O massacre da pandemia põe em evidência o anterior — qual o sentido de salvar as vidas que estavam sendo exterminadas um dia antes? É isto que as balas de fuzil dos policiais contra os jovens e velhos solidários, brincantes, organizados para salvar suas vidas coloca em questão para nossa sociedade com esses dois assassinatos brutais. Essa é a pergunta que Lula, Pablo Ortellado, Kleber Mendonça, Marcelo Freixo e Bolsonaro não vão fazer. Porque todos eles assentam seu projeto político em uma estrutura que está banhada em sangue.

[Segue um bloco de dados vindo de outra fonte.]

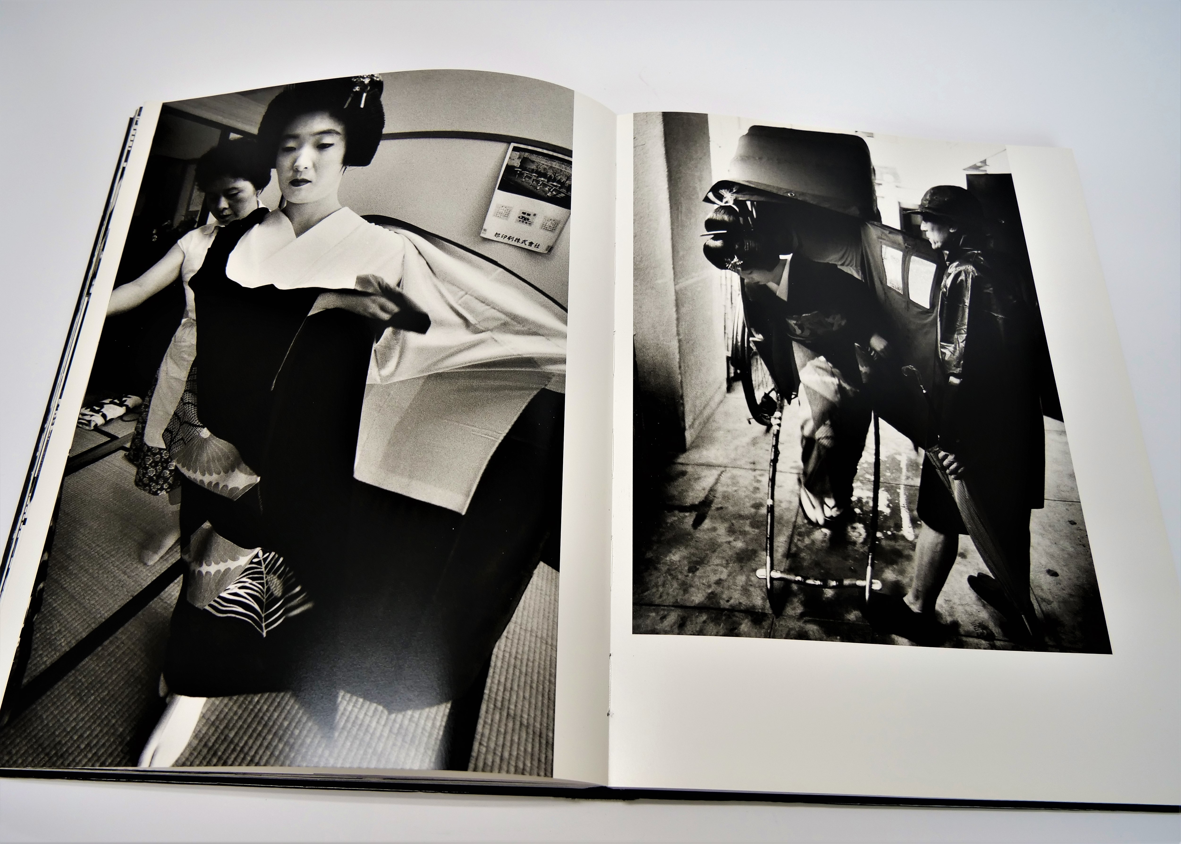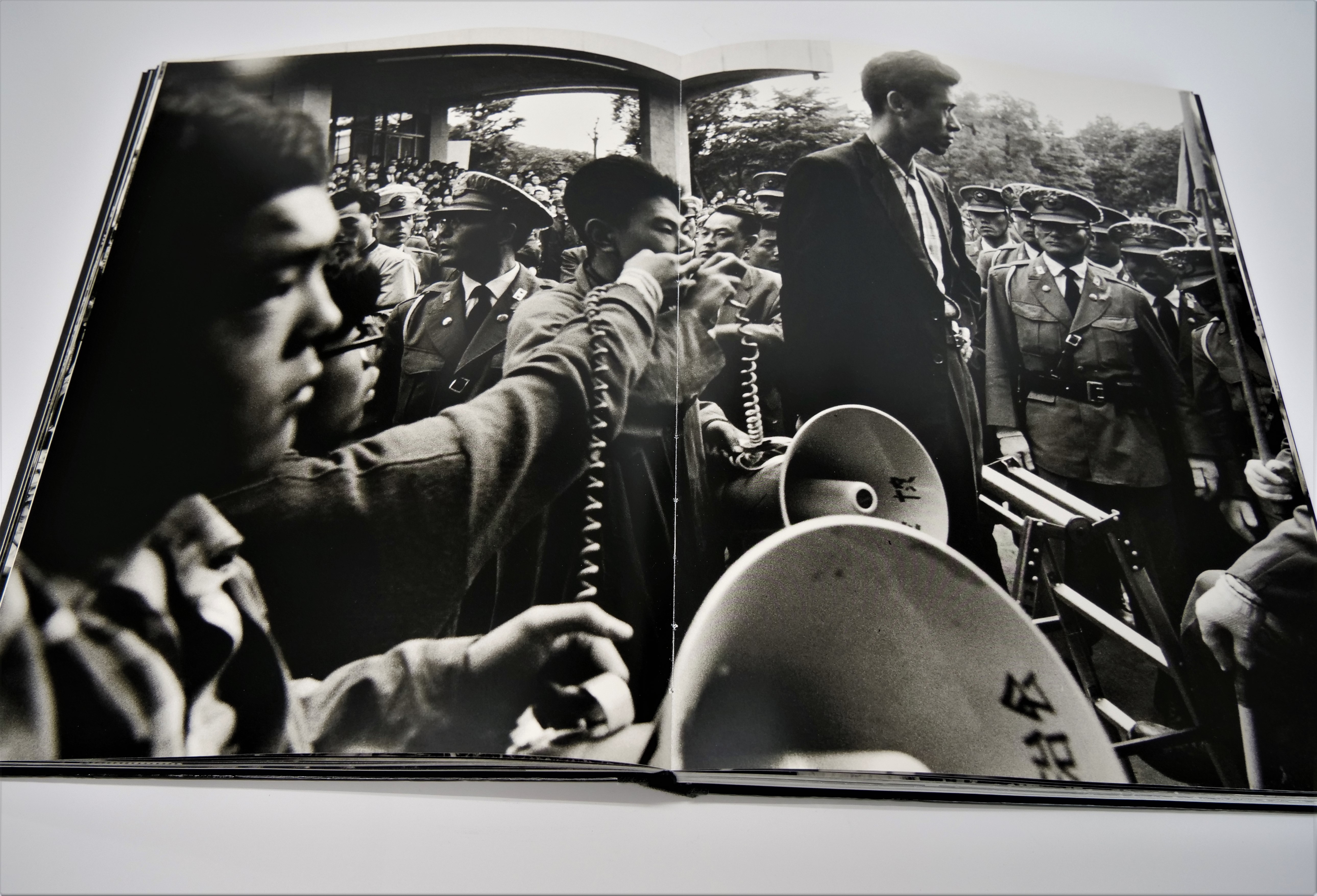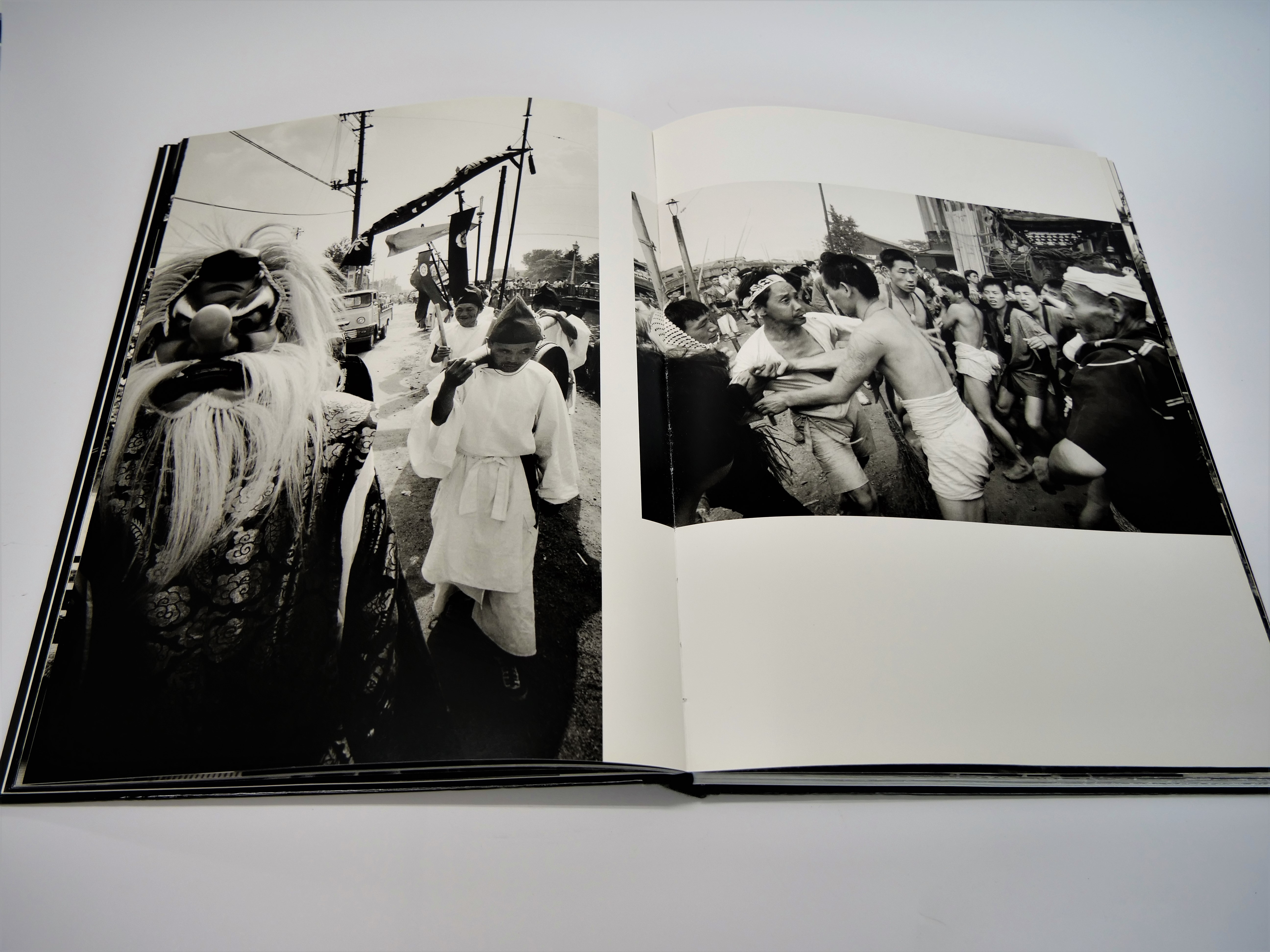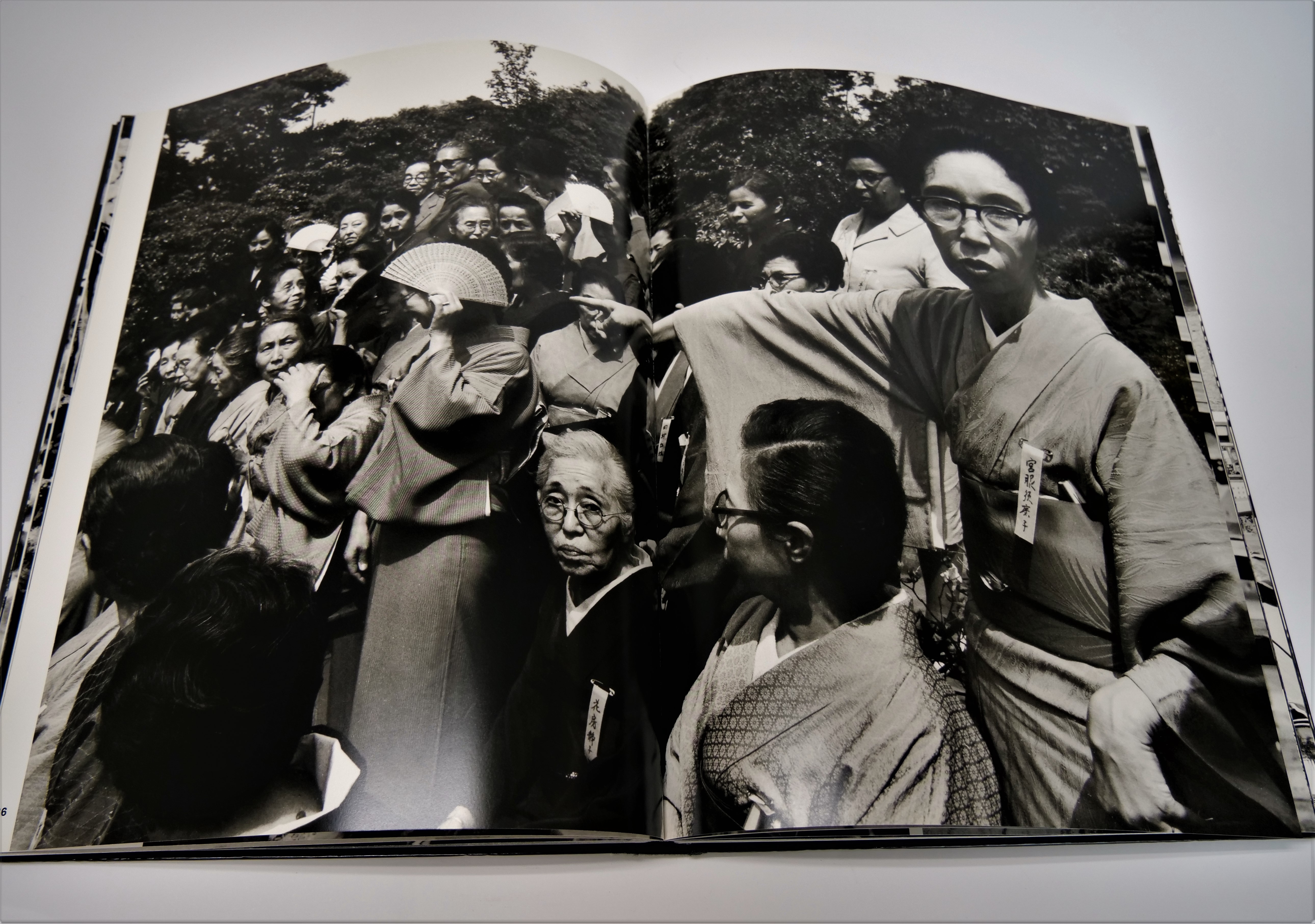 荒れた粒子やブレなどを特徴とする、いわゆる「アレ・ブレ・ボケ」と言われる手法で、パチンコホール、証券取引所、国会、ネオンや看板、あるいは昭和天皇、歌舞伎役者、ストリッパー、芸者、関取、小学生とさまざまな場所や人物を被写体にしたこれらのエネルギーに満ち溢れた写真は、クライン氏自身のアートワークにより、ページをめくるたびに新鮮な驚きを感じさせるように一分の隙もなく配置されています。
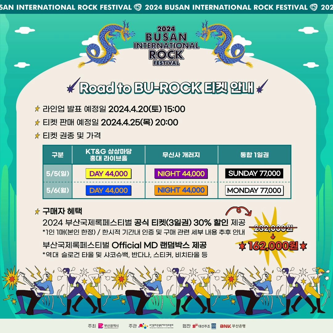 - 자세항 사항은 2024부산국제록페스티벌 SNS를 참고하시길 바랍니다.
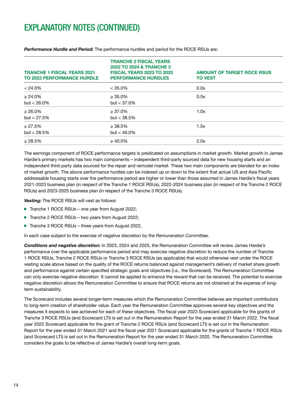14 EXPLANATORY NOTES (CONTINUED) Performance Hurdle and Period: The performance hurdles and period for the ROCE RSUs are: TRANCHE 1 FISCAL YEARS 2021 TO 2023 PERFORMANCE HURDLE TRANCHE 2 FISCAL YEARS 2022 TO 2024 & TRANCHE 3 FISCAL YEARS 2023 TO 2025 PERFORMANCE HURDLES AMOUNT OF TARGET ROCE RSUS TO VEST < 24.0% < 35.0% 0.0x ≥ 24.0% but < 26.0% ≥ 35.0% but < 37.0% 0.5x ≥ 26.0% but < 27.5% ≥ 37.0% but < 38.5% 1.0x ≥ 27.5% but < 28.5% ≥ 38.5% but < 40.0% 1.5x ≥ 28.5% ≥ 40.0% 2.0x The earnings component of ROCE performance targets is predicated on assumptions in market growth. Market growth in James Hardie’s primary markets has two main components – independent third-party sourced data for new housing starts and an independent third-party data sourced for the repair and remodel market. These two main components are blended for an index of market growth. The above performance hurdles can be indexed up or down to the extent that actual US and Asia Pacific addressable housing starts over the performance period are higher or lower than those assumed in James Hardie’s fiscal years 2021-2023 business plan (in respect of the Tranche 1 ROCE RSUs), 2022-2024 business plan (in respect of the Tranche 2 ROCE RSUs) and 2023-2025 business plan (in respect of the Tranche 3 ROCE RSUs). Vesting: The ROCE RSUs will vest as follows: Tranche 1 ROCE RSUs – one year from August 2022; Tranche 2 ROCE RSUs – two years from August 2022; Tranche 3 ROCE RSUs – three years from August 2022, In each case subject to the exercise of negative discretion by the Remuneration Committee. Conditions and negative discretion: In 2023, 2024 and 2025, the Remuneration Committee will review James Hardie’s performance over the applicable performance period and may exercise negative discretion to reduce the number of Tranche 1 ROCE RSUs, Tranche 2 ROCE RSUs or Tranche 3 ROCE RSUs (as applicable) that would otherwise vest under the ROCE vesting scale above based on the quality of the ROCE returns balanced against management’s delivery of market share growth and performance against certain specified strategic goals and objectives (i.e., the Scorecard). The Remuneration Committee can only exercise negative discretion. It cannot be applied to enhance the reward that can be received. The potential to exercise negative discretion allows the Remuneration Committee to ensure that ROCE returns are not obtained at the expense of long- term sustainability. The Scorecard includes several longer-term measures which the Remuneration Committee believes are important contributors to long-term creation of shareholder value. Each year the Remuneration Committee approves several key objectives and the measures it expects to see achieved for each of these objectives. The fiscal year 2023 Scorecard applicable for the grants of Tranche 3 ROCE RSUs (and Scorecard LTI) is set out in the Remuneration Report for the year ended 31 March 2022. The fiscal year 2022 Scorecard applicable for the grant of Tranche 2 ROCE RSUs (and Scorecard LTI) is set out in the Remuneration Report for the year ended 31 March 2021 and the fiscal year 2021 Scorecard applicable for the grants of Tranche 1 ROCE RSUs (and Scorecard LTI) is set out in the Remuneration Report for the year ended 31 March 2020. The Remuneration Committee considers the goals to be reflective of James Hardie’s overall long-term goals.
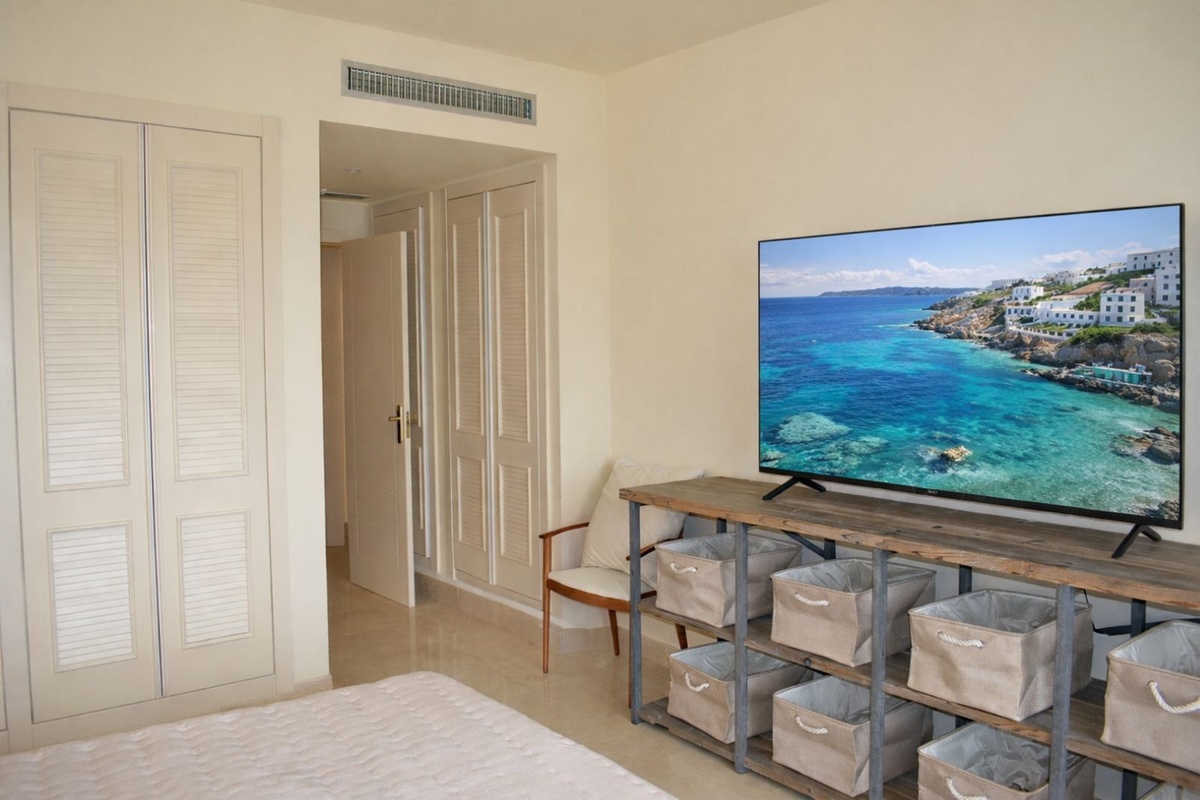 The property has been completely refurbished and tastefully decorated, featuring brand-new furniture and modern appliances throughout. With a south-facing orientation, the apartment enjoys abundant natural light and uninterrupted open sea views.
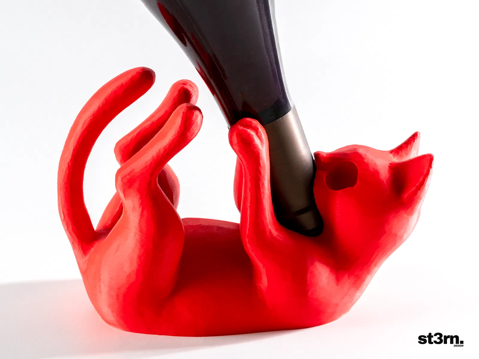 Giá đỡ rượu hình mèo độc đáo, trưng bày chú mèo dễ thương đang thưởng thức rượu. Kích thước 162x82x106mm, in không cần hỗ trợ với cài đặt tối ưu. Hoàn hảo cho trang trí nhà cửa theo phong cách tối giản, hiện đại.
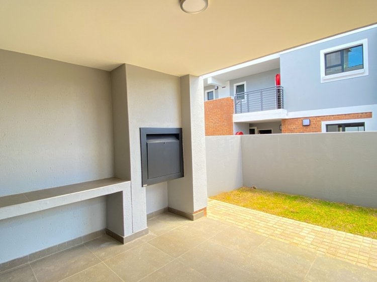 Property Features: 2 spacious bedrooms with ample built-in cupboards Modern full bathroom with bath, shower, basin & separate toilet Fully tiled throughout – clean and low maintenance Ultra-modern kitchen with granite tops, pantry, hob, oven & extractor fan Private covered patio with built-in braai Lush green garden – perfect for relaxing or entertaining
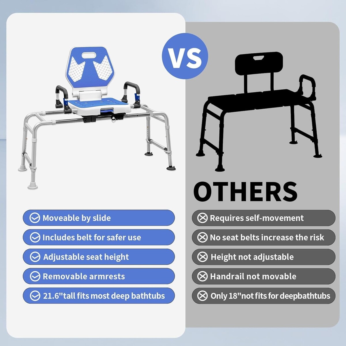 - Sliding Shower Chair Swivel Tub Transfer Bench with Backrest and 400lbs Capacity
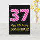 Fun Pink Striped "37"; Happy 37th Birthday; Name Card
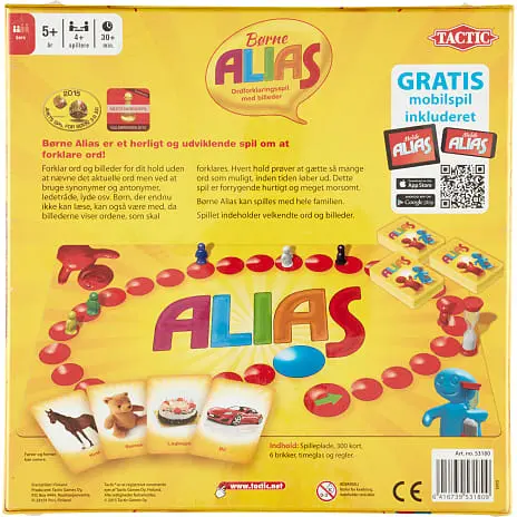 Ordforklaringsspil. Gæt det rigtige ord, og udvid samtidig dit ordforråd i dette sjove og enkle Junior Alias-ordforklaringsspil. Hvordan forklarer man et ord med … andre ord? Du får hurtigt en fornemmelse for det, når du kommer i gang med at spille spillet: Beskriv, gæt, og ryk frem på brættet, når du gætter det rigtige ord eller billede. Spillet spilles i hold. Det hold, der først passerer målstregen, vinder. For 4 eller flere spillere. Inkl. timeglas og 300 kort.
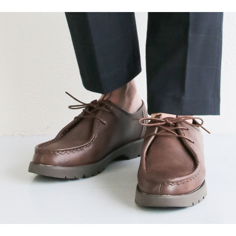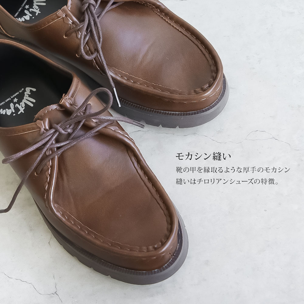 靴の甲を縁取るような厚手のモカシン縫いは、チロリアンシューズの特徴。
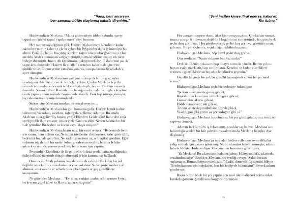 Hüdavendigar Mevlana ’ nın yatağına uzanıp da bütün gece uyku uyuduğuna dair hiçbir eserde bir belge yoktur . Çünkü Mevlana hep diz üstünde otururdu ve devamlı tefekkür halindeydi , her an Rabbine niyazda dururdu . Şems-i Tebriz Hazretlerine baktığımızda , o da bir tuğlayı kendine yastık yapmış onun üstünde başını dinlendirirdi . Yani hep ıstırap çekmişler , hiç rahatlarına düşkün olmamışlardır .

É esse projeto que é colocado em questão e que é a motivação de tentarem matar quando matam uma criança em uma comunidade que conseguiu se organizar em quarentena contra a polícia e mesmo prejudicando os lucros do tráfico. É o projeto política de uma república social, humana, uma república da vida, que tentaram matar com João Pedro, com João Vitor, com Leandro. Esse projeto começa com esse gesto básico, simples e persistente da solidariedade entre nós apesar de toda essa violência e bárbarie. De manter a racionalidade, os nossos amores mútuos.
Ainda há tempo, amigos. Vamos voltar para o debate franco, aberto, estimulado pelo que há de melhor em nós. Ainda há tempo.